- **Work to be completed**:
The entries that follow should be reproduced exactly, with no images carried over.

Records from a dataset
^^^^^^^^
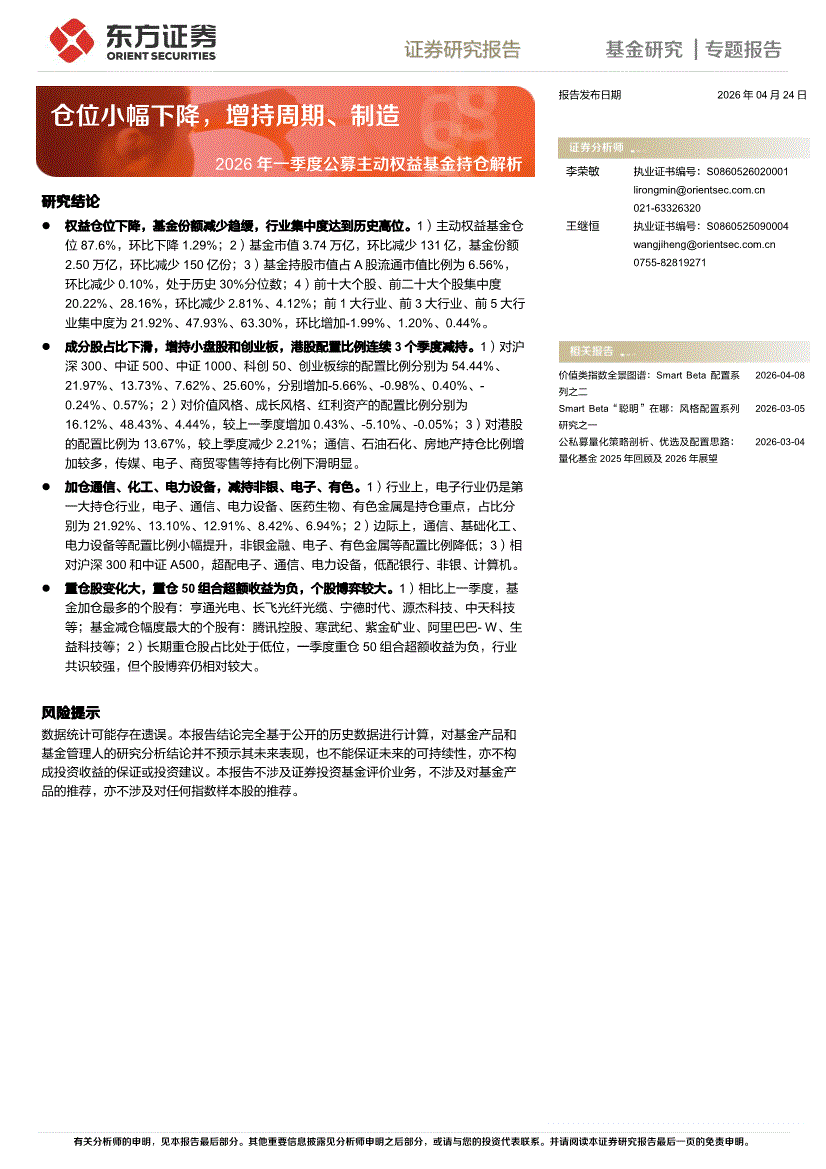 东方证券-2026年一季度公募主动权益基金持仓解析:仓位小幅下降,增持周期、制造-260424
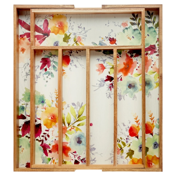Lớp hoàn thiện bằng gỗ tự nhiên làm tăng thêm vẻ đẹp đơn giản nhưng thanh lịch cho sản phẩm này. Khay có năm ngăn, có thể mở rộng thành tổng cộng bảy ngăn để đáp ứng mọi nhu cầu lưu trữ của bạn. Bạn có thể hoàn thiện bộ sản phẩm bằng cách mua thêm hộp đựng đồ dùng nhà bếp cùng kiểu dáng.
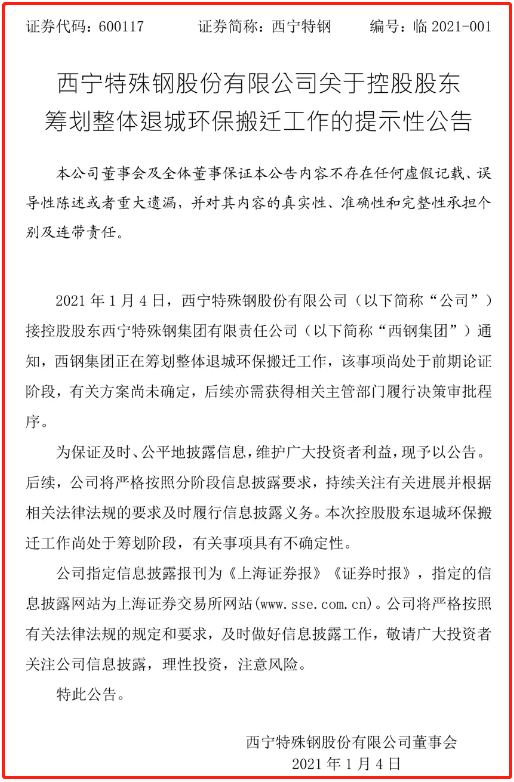 中国铁合金网讯:2021年1月4日,西宁特殊钢股份有限公司(以下简称“公司”)接控股股东西宁特殊钢集团有限责任公司通知,西宁特钢正在筹划整体退城环保搬迁工作,该事项尚处于前期论证阶段,有关方案尚未确定,后续亦需获得相关主管部门履行决策审批程序。
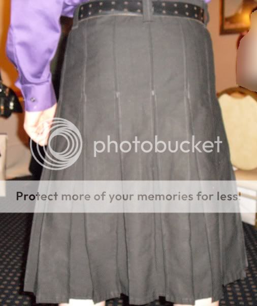 As requested, I was able get a pleat shot on Saturday, when I wore my kilt to the "groom's dinner" (aka rehearsal dinner, even though we didn't have a rehearsal). I received many compliments, and only one "Why are you wearing a dress?", but that was from a young boy with special needs, who didn't mean it in a bad way.. Obviously, they're a tad wrinkled and such, but this was after being worn for 7 hours straight, in cars, out of cars, through a long dinner, etc, and I didn't even have the time to iron it that day. =)
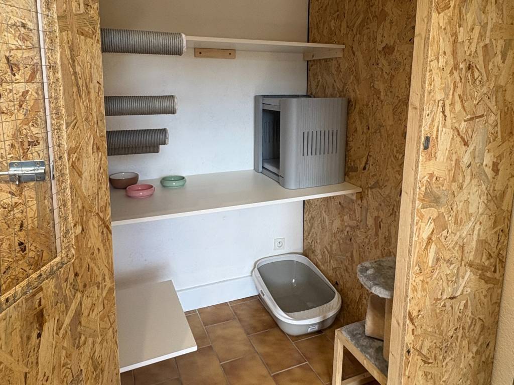Chaque chambre peut communiquer avec la chambre voisine si nous ouvrons le passage permettant l’accueil de plus large famille de chats.
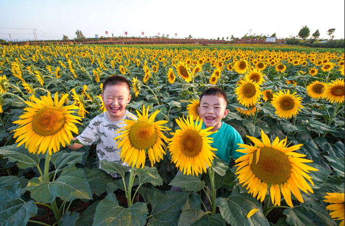 大暑至,万物荣华。洛阳市宜阳县盐镇乡南洼村种植的油葵花竞相开放,金黄的葵花与孩子幸福的笑脸相映生辉。(洛阳市涧西区纪委监委 段万卿 摄)
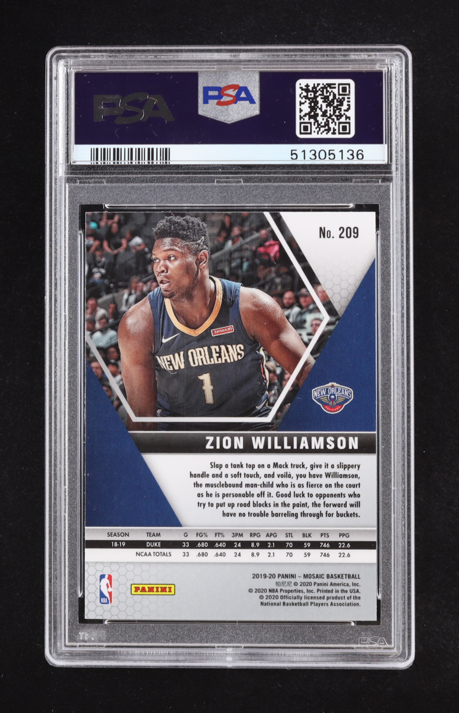 Zion Williamson 2019 Mosaic #209 RC (PSA 10)
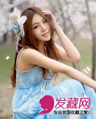 女生秀丽的长发,使用烫发发型设计,发尾微烫发的效果,加上棕栗色的染发色,使发丝带着点点毛躁蓬松感,中分发型,两侧长长的刘海发丝修饰了女生的脸型,戴上夸张的花朵发饰,森女气质显现出来。
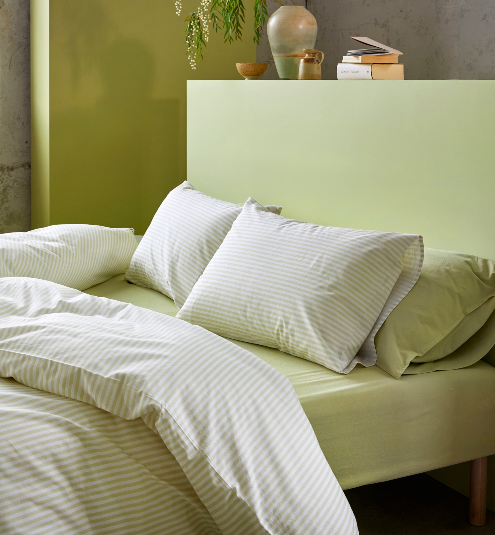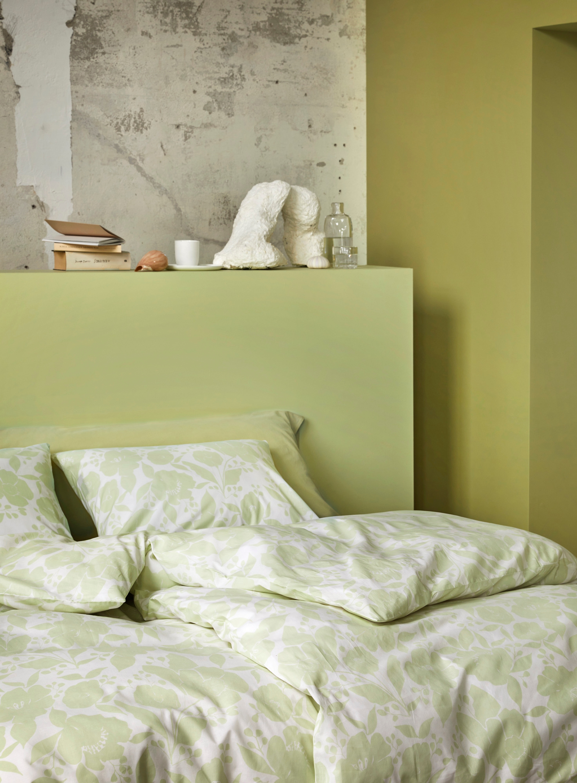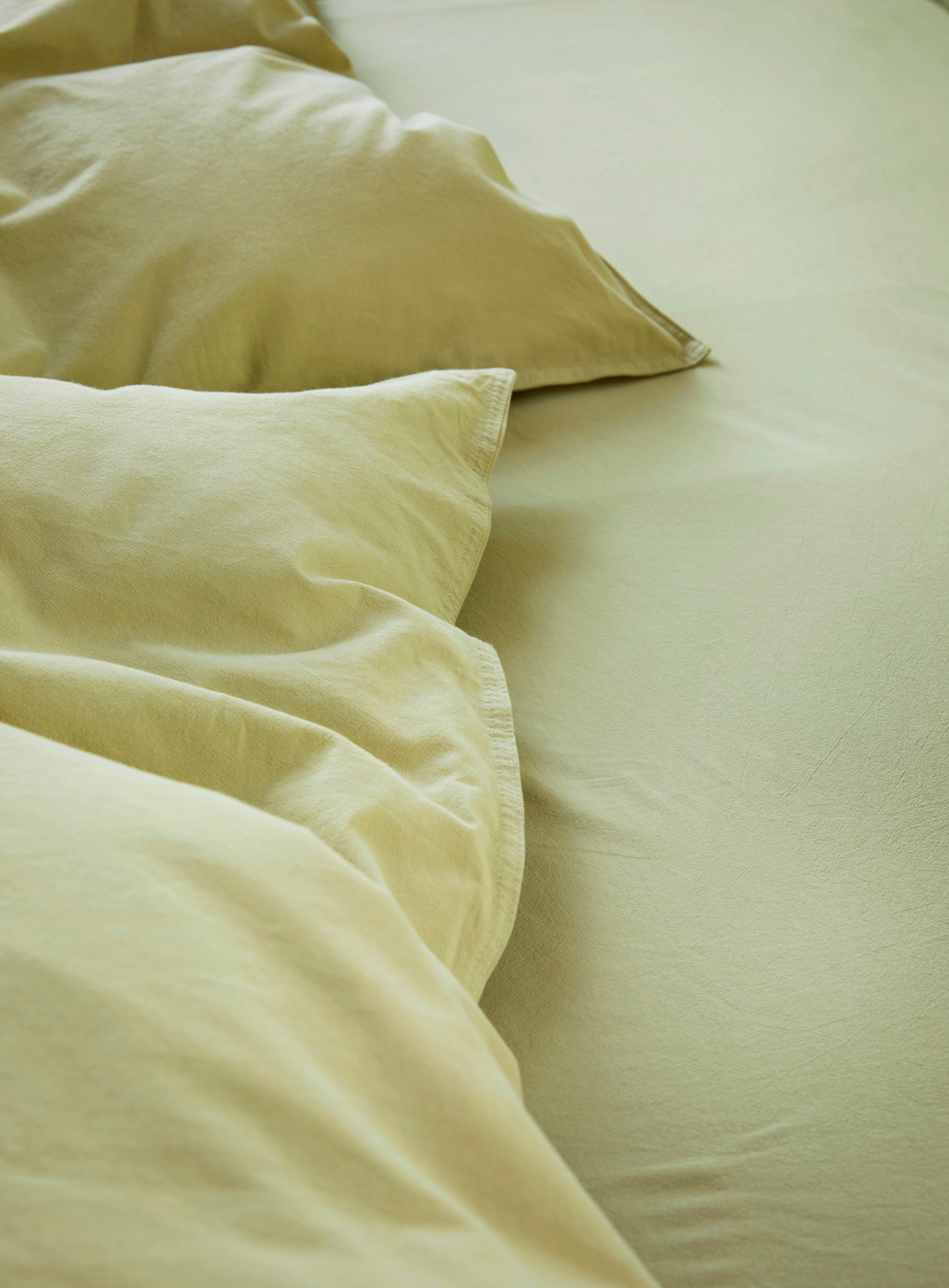 Sengesettene Ragna og Tor i fargen dempet lime passer perfekt å matche med Frøya i samme farge. Gå for laken og hotellputetrekk i den spreke fargen for et gjennomført og innbydende soverom.
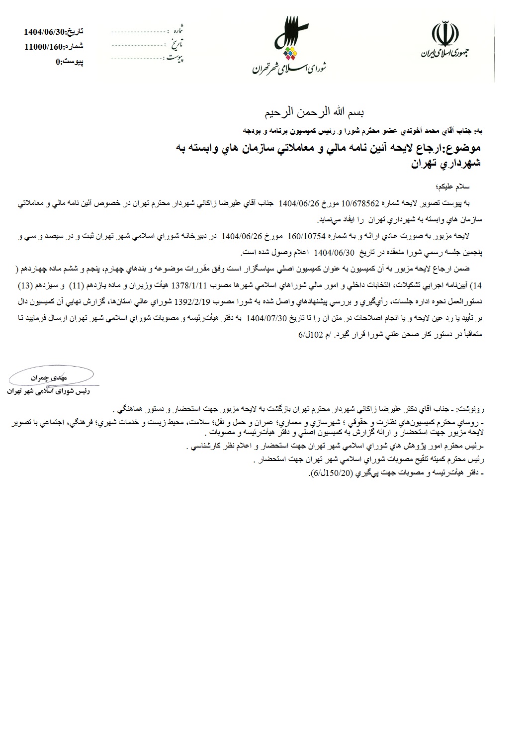 آييننامه مالي و معاملاتي سازمانهاي وابسته به شهرداري تهران
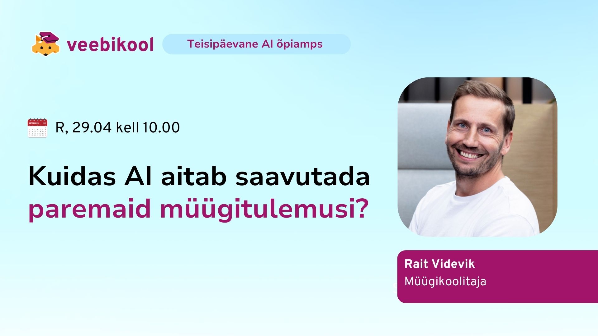 AI õpiamps: KUIDAS AI AITAB SAAVUTADA PAREMAID MÜÜGITULEMUSI? Rait Videvik
^^^^^^^^
- **Written solution**:
 东方证券-2026年一季度公募主动权益基金持仓解析:仓位小幅下降,增持周期、制造-260424
Lớp hoàn thiện bằng gỗ tự nhiên làm tăng thêm vẻ đẹp đơn giản nhưng thanh lịch cho sản phẩm này. Khay có năm ngăn, có thể mở rộng thành tổng cộng bảy ngăn để đáp ứng mọi nhu cầu lưu trữ của bạn. Bạn có thể hoàn thiện bộ sản phẩm bằng cách mua thêm hộp đựng đồ dùng nhà bếp cùng kiểu dáng.
 中国铁合金网讯:2021年1月4日,西宁特殊钢股份有限公司(以下简称“公司”)接控股股东西宁特殊钢集团有限责任公司通知,西宁特钢正在筹划整体退城环保搬迁工作,该事项尚处于前期论证阶段,有关方案尚未确定,后续亦需获得相关主管部门履行决策审批程序。
 As requested, I was able get a pleat shot on Saturday, when I wore my kilt to the "groom's dinner" (aka rehearsal dinner, even though we didn't have a rehearsal). I received many compliments, and only one "Why are you wearing a dress?", but that was from a young boy with special needs, who didn't mean it in a bad way.. Obviously, they're a tad wrinkled and such, but this was after being worn for 7 hours straight, in cars, out of cars, through a long dinner, etc, and I didn't even have the time to iron it that day. =)
Chaque chambre peut communiquer avec la chambre voisine si nous ouvrons le passage permettant l’accueil de plus large famille de chats.
 大暑至,万物荣华。洛阳市宜阳县盐镇乡南洼村种植的油葵花竞相开放,金黄的葵花与孩子幸福的笑脸相映生辉。(洛阳市涧西区纪委监委 段万卿 摄)
 Zion Williamson 2019 Mosaic #209 RC (PSA 10)
 女生秀丽的长发,使用烫发发型设计,发尾微烫发的效果,加上棕栗色的染发色,使发丝带着点点毛躁蓬松感,中分发型,两侧长长的刘海发丝修饰了女生的脸型,戴上夸张的花朵发饰,森女气质显现出来。
 Sengesettene Ragna og Tor i fargen dempet lime passer perfekt å matche med Frøya i samme farge. Gå for laken og hotellputetrekk i den spreke fargen for et gjennomført og innbydende soverom.
 آييننامه مالي و معاملاتي سازمانهاي وابسته به شهرداري تهران
 AI õpiamps: KUIDAS AI AITAB SAAVUTADA PAREMAID MÜÜGITULEMUSI? Rait Videvik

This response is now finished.